■ **Provided data**
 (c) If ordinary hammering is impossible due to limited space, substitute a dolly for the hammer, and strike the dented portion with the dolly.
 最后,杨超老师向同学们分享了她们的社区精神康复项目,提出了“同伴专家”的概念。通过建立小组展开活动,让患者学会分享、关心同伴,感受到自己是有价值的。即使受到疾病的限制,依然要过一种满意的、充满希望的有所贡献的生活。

--

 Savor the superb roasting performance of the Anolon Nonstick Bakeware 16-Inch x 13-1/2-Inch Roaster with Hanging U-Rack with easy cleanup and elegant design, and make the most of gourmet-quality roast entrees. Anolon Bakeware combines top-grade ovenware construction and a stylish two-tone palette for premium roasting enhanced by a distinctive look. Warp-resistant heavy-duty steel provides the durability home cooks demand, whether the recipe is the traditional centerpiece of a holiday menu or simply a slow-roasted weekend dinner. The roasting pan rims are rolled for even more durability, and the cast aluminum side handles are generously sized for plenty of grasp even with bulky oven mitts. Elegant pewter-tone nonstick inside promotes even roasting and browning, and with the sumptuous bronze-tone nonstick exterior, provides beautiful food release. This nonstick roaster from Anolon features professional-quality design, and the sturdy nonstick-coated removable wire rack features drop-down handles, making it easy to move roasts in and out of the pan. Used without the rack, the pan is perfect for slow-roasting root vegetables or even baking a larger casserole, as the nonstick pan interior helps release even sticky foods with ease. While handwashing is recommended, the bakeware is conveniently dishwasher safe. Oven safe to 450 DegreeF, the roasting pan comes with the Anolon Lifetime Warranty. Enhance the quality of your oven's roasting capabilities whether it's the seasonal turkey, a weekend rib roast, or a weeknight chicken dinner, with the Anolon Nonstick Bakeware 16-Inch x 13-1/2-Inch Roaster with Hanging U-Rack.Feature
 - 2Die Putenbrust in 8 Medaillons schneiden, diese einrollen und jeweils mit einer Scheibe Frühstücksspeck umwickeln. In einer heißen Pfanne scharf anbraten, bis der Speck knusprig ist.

■ **Task brief**
For this task, write out exactly the lines of the entries above, starting at the line with "(c) If ordinary" and ending at the line with "最后,杨超老师向同学们分享了", both included, and no others.

■ **Completed task**
 (c) If ordinary hammering is impossible due to limited space, substitute a dolly for the hammer, and strike the dented portion with the dolly.
 最后,杨超老师向同学们分享了她们的社区精神康复项目,提出了“同伴专家”的概念。通过建立小组展开活动,让患者学会分享、关心同伴,感受到自己是有价值的。即使受到疾病的限制,依然要过一种满意的、充满希望的有所贡献的生活。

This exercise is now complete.